Menurut dia, posisi berseberangan diambil sejak awal, ruang dialog menyempit, dan kebijakan kehilangan kesempatan untuk diuji secara jernih. Namun pola seperti ini tidak sepenuhnya mencerminkan suara publik secara utuh. “Ia lebih merekam kegelisahan yang belum menemukan saluran rasionalnya,” kata Azis kepada media di Jakarta, Senin (26/1/2026).

Di bawah lapisan resistensi tersebut, terdapat sikap publik lain yang jauh lebih menentukan yaitu kewaspadaan yang disertai harapan. Mereka mendengar, mencatat, lalu menunggu.

Dia mengatakan, bukan menunggu pidato lanjutan, melainkan menunggu apakah arah yang dinyatakan benar-benar diterjemahkan menjadi kerja yang terasa. “Sikap ini bukan sinisme, melainkan bentuk kedewasaan politik,” tutur dia.

Dalam konteks inilah, kata Azis, pidato Davos menemukan relevansinya. Ia tidak menawarkan keajaiban, tetapi menegaskan fondasi stabilitas sebagai prasyarat pertumbuhan, disiplin fiskal sebagai basis kepercayaan, dan ekonomi yang berpijak pada kepentingan rakyat.
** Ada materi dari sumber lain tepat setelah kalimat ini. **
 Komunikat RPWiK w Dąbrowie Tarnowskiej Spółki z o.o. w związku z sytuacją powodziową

“Pesan ini penting, bukan hanya bagi audiens global, melainkan juga bagi publik domestik yang di masa sebelumnya lebih sering menyaksikan jarak antara janji dan hasil,” ujar Azis.
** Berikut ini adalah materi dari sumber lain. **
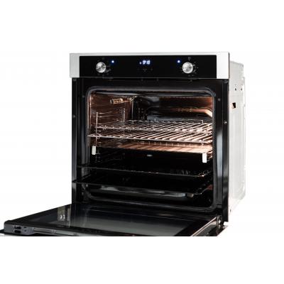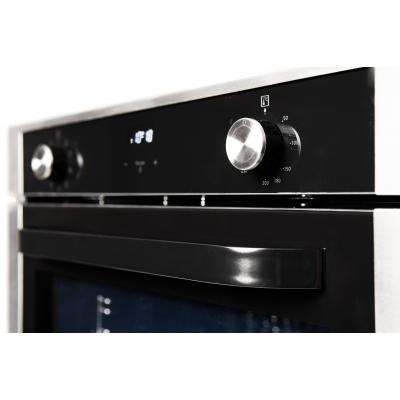 Tyylikäs kalusteuuni, väriltään musta/teräs, jossa monitoimiuuni, aidolla kiertoilmatoiminnolla. Luukku on 3-kertainen lämpölasi, ja varustettu tyylikkäällä mustalla kahvalla. Uunissa kello/ajastin. Varusteina teleskooppikiskot, 2 matalaa peltiä, 1 syvä pelti ja 2 ritilää. Energialuokka A.

Dia mengatakan, yang kerap luput dari pembacaan kritis adalah bahwa ketegasan dalam pidato tersebut tidak lahir dari ruang hampa. Banyak pernyataan Prabowo yang semula disangsikan justru perlahan menemukan bentuknya dalam tindakan.

Penertiban kawasan hutan yang selama bertahun-tahun dibiarkan, pencabutan izin pemanfaatan hutan bagi pihak yang lalai, hingga pencabutan bahkan perampasan tambang yang melanggar hukum tanpa pandang bulu—semuanya berjalan.

Termasuk langkah penegakan hukum terhadap koruptor yang sebelumnya seolah kebal. Sebelum berbicara tegas di forum internasional, bukti-bukti itu telah lebih dulu hadir: tidak riuh, tidak selalu disorot, tetapi bergerak pelan dan pasti. “Kesenyapan kerja inilah yang kerap tidak terbaca, padahal justru menjadi fondasi legitimasi,” kata dia.

Karena itu, Azis menilai pidato ini seharusnya dibaca sebagai kelanjutan dari proses pembuktian kinerja, bukan sekadar awalnya. Legitimasi hari ini tumbuh dari kesinambungan antara kata dan tindakan.

“Ketika kerja sama internasional berujung pada investasi yang benar-benar berjalan, ketika lapangan kerja tercipta, ketika ketahanan pangan dan energi diperkuat, maka arah yang disampaikan di Davos memperoleh maknanya yang nyata,” ujar dia.

Dia mengatakan keraguan yang muncul tidak perlu dihadapi dengan defensif. Ia dijawab dengan konsistensi kerja. Harapan yang tersisa tidak dipelihara dengan slogan baru, melainkan dengan hasil yang bisa dirasakan.

“Publik yang waspada justru menyediakan ruang legitimasi paling sehat—karena kepercayaan yang lahir dari pembuktian akan jauh lebih kokoh daripada kepercayaan yang diminta,” kata dia.